Take, for example, quality pre-school education for at-risk 3- and 4-year-olds, an investment that research shows has one of the highest rates of return for economic growth. It hasn’t had a funding increase since 2008. Highways and roads are another example. Even with last November’s passage of a dedicated sales tax, funding is widely regarded as inadequate. The lack of revenue to fund critical investments led to crazy proposals that are nothing more than robbing Peter to pay Paul, such as the introduction of the “highway robbery” bill to transfer $2 billion in state general revenue from human services, education, and public safety to highways and roads.

So where do we start building a tax system that is more fair and also provides revenue critical to invest in our state’s future? There are constitutional challenges to some of the best improvements of our tax system. But reforms we can take on right now would be:

• Close corporate income tax loopholes that allow larger, multi-state companies doing business in Arkansas to shift the profits earned here to other states to reduce or avoid paying Arkansas taxes. In 2010, more than 18,000 of the corporations that filed taxes here (60%) owed no corporate income taxes.
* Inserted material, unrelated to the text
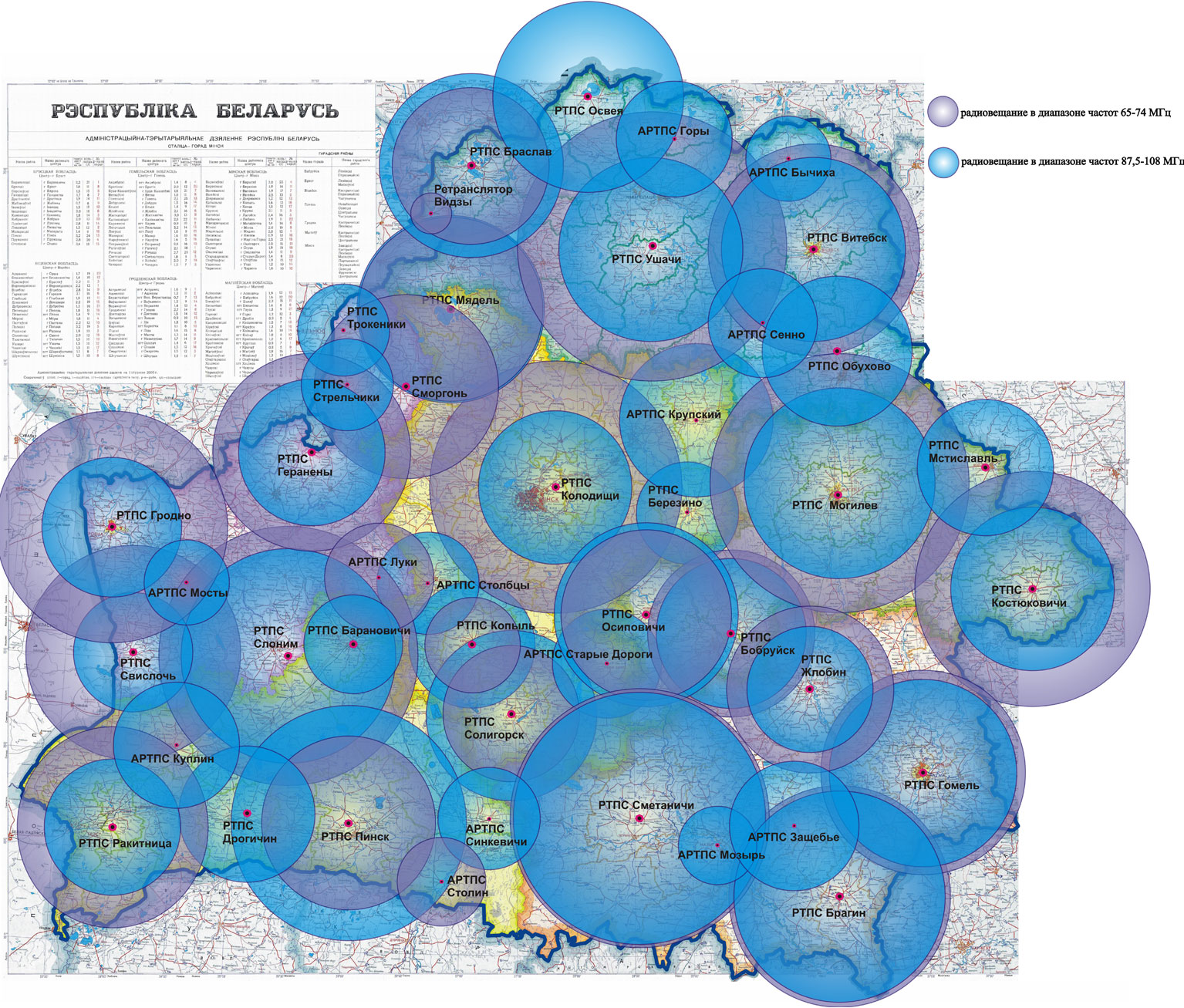 Область Передающая станция Частота, МГц Радиус зоны охвата, км Брестская РТПС Барановичи 105,20 29 Брестская АРТПС Пружаны (Куплин) 103,10 37 Брестская РТПС Ракитница 71,69 56 Брестская РТПС Ракитница 88,50 40 Брестская РТПС Дрогичин (Сиреневка) 101,80 40 Брестская АРТПС Синкевичи 103,60 30 Брестская АРТПС Столин 73,79 26 Брестская РТПС Пинск (Посеничи) 67,10 51 Брестская РТПС Пинск (Посеничи) 106,80 69 Витебская РТПС Браслав 71,99 46 Витебская РТПС Браслав 107,70 54 Витебская АРТПС Видзы эфирная трансляция прекращена Витебская АРТПС Бычиха 101,80 25 Витебская РТПС Витебск 69,92 62 Витебская РТПС Витебск 99,30 54 Витебская РТПС Обухово (Орша) 105,00 44 Витебская АРТПС Сенно 104,20 32 Витебская АРТПС Горы 103,10 34 Витебская РТПС Освея 106,00 56 Витебская РТПС Ушачи (Островенец) 66,74 79 Витебская РТПС Ушачи (Островенец) 101,70 54 Гомельская РТПС Брагин 68,30 65 Гомельская РТПС Брагин 105,80 62 Гомельская РТПС Гомель 69,26 60 Гомельская РТПС Гомель 91,50 55 Гомельская АРТПС Защебье 106,50 38 Гомельская РТПС Жлобин 71,03 49 Гомельская РТПС Жлобин 101,00 37 Гомельская АРТПС Мозырь 103,50 23 Гомельская РТПС Сметаничи 68,00 76 Гомельская РТПС Сметаничи 104,60 74 Гродненская РТПС Геранены 68,39 58 Гродненская РТПС Геранены 102,20 43 Гродненская АРТПС Луки 94,70 32 Гродненская РТПС Гродно 66,20 68 Гродненская РТПС Гродно 95,00 41 Гродненская АРТПС Мосты 102,70 25 Гродненская РТПС Свислочь 66,08 63 Гродненская РТПС Свислочь 98,90 35 Гродненская РТПС Слоним 67,34 76 Гродненская РТПС Слоним 97,30 63 Гродненская РТПС Сморгонь 70,13 54 Гродненская АРТПС Стрельчики 100,30 27 Гродненская АРТПС Трокеники 70,76 27 Минская РТПС Копыль 70,97 28 Минская РТПС Копыль 101,60 37 Минская АРТПС Столбцы 100,70 30 Минская АРТПС Березино 107,40 30 Минская АРТПС Крупский 106,30 45 Минская РТПС Колодищи 70,43 74 Минская РТПС Колодищи 102,90 45 Минская РТПС Мядель 70,31 54 Минская РТПС Мядель 104,90 55 Минская АРТПС Старые Дороги 103,10 32 Минская РТПС Солигорск 72,23 40 Минская РТПС Солигорск 106,70 50 Могилевская РТПС Бобруйск (Ясный Лес) 68,96 49 Могилевская РТПС Бобруйск (Ясный Лес) 106,00 44 Могилевская РТПС Костюковичи 68,03 69 Могилевская РТПС Костюковичи 107,20 48 Могилевская РТПС Могилев (Полыковичи) 71,96 76 Могилевская РТПС Могилев (Полыковичи) 99,10 56 Могилевская РТПС Мстиславль 101,70 40 Могилевская РТПС Осиповичи 71,69 50 Могилевская РТПС Осиповичи 107,70 54 Время вещания: в диапазоне 87,5-108МГц - круглосуточно; в диапазоне 66-74МГц с 06:00 до 00:04 Зона охвата территории Республики Беларусь программой "Канал Культура": Печать
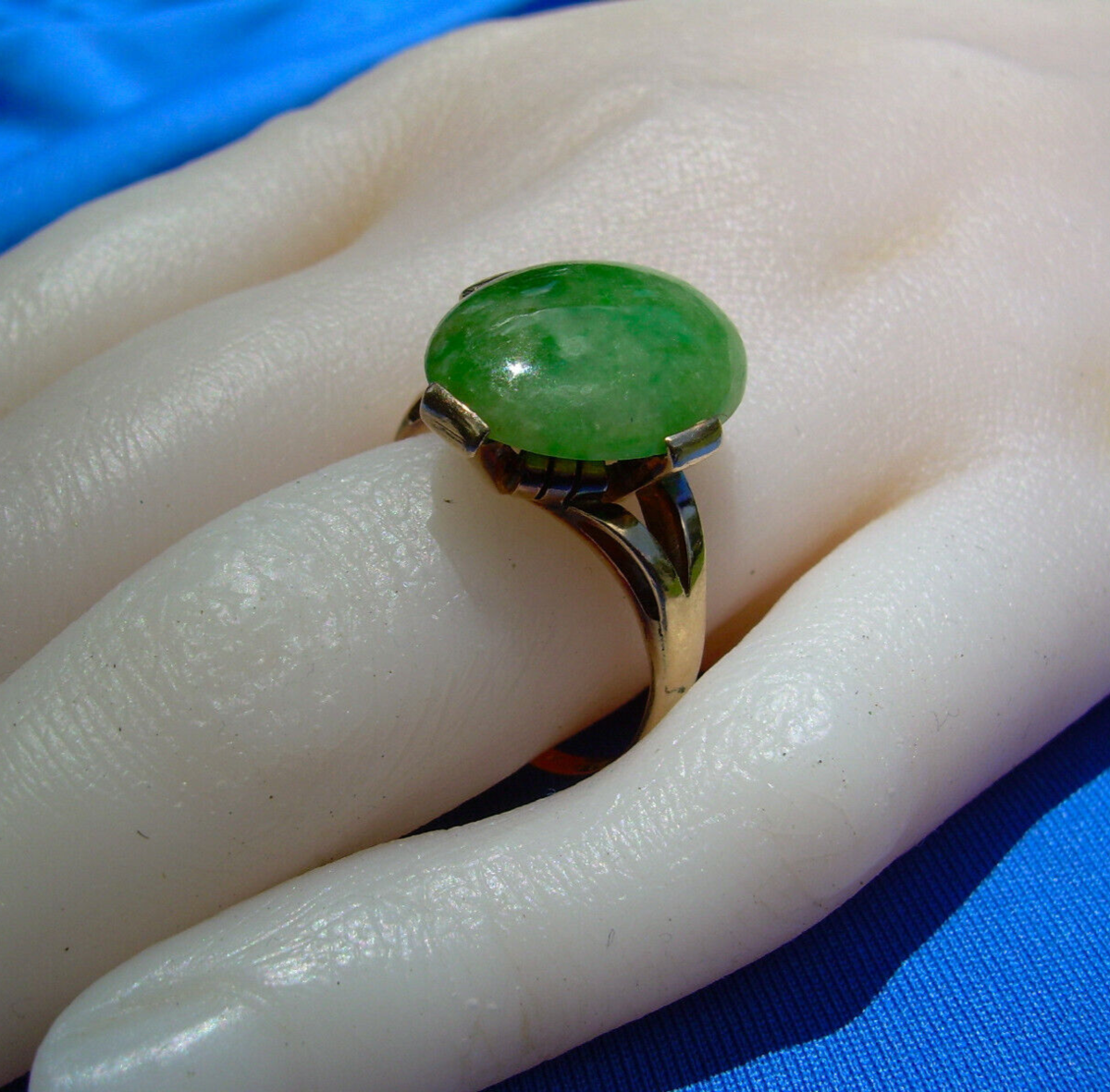 - Earth mined Green Jadeite Jade Deco Engagement Ring 14k Gold Antique Solitaire

We conservatively estimate this would increase tax revenue by about $42 million annually. It would also help level the playing field for small companies that rarely employ such tax avoidance strategies.

• Increase the severance tax on natural gas. Our severance taxes are still among the lowest in the region. According to estimates from Histecon and Associates, increasing Arkansas severance tax rates on natural gas by 1 percentage point would generate $35-40 million in new revenue annually. Arkansas could easily do this and still have rates lower than other states in the region.

• Modernize the sales tax. Arkansas must broaden its sales tax base to include more services that are currently exempt, such as advertising and veterinary services. The base should also be broadened to include Internet downloads — such as software, music, movies, and e-books – as well as close loopholes such as those that allow travel companies to collect only part of the tax owed on hotel room bookings.

• Offset the impact that revenue increases would have on low- and middle-income families. One way to do this would be to establish a state earned income tax credit, long regarded by experts as one of the nation’s most successful anti-poverty programs. A state credit equal to 5 percent of the federal version would cost the state about $40 million a year, and would provide an average tax refund (over and above the elimination of any tax liability) of about $121 to more than 300,000 filers. That is money that would be spent locally and help boost local economies.

Strengthening the foundation of our tax system should be used to fund critical investments that allow all Arkansans to become productive members of a high-quality workforce. New revenue should not be used, as several lawmakers have recently suggested, to further cut state personal income tax rates. Such a move would mostly benefit high-income taxpayers and would have little impact on the state economy. By far the most important reasons people move to another state are for a new job, family issues, housing prices, and weather – not taxes.

Short of putting a comprehensive tax reform package before the voters that would overhaul the state’s entire system, including property taxes, these are steps that the legislature could take on today to improve our tax system.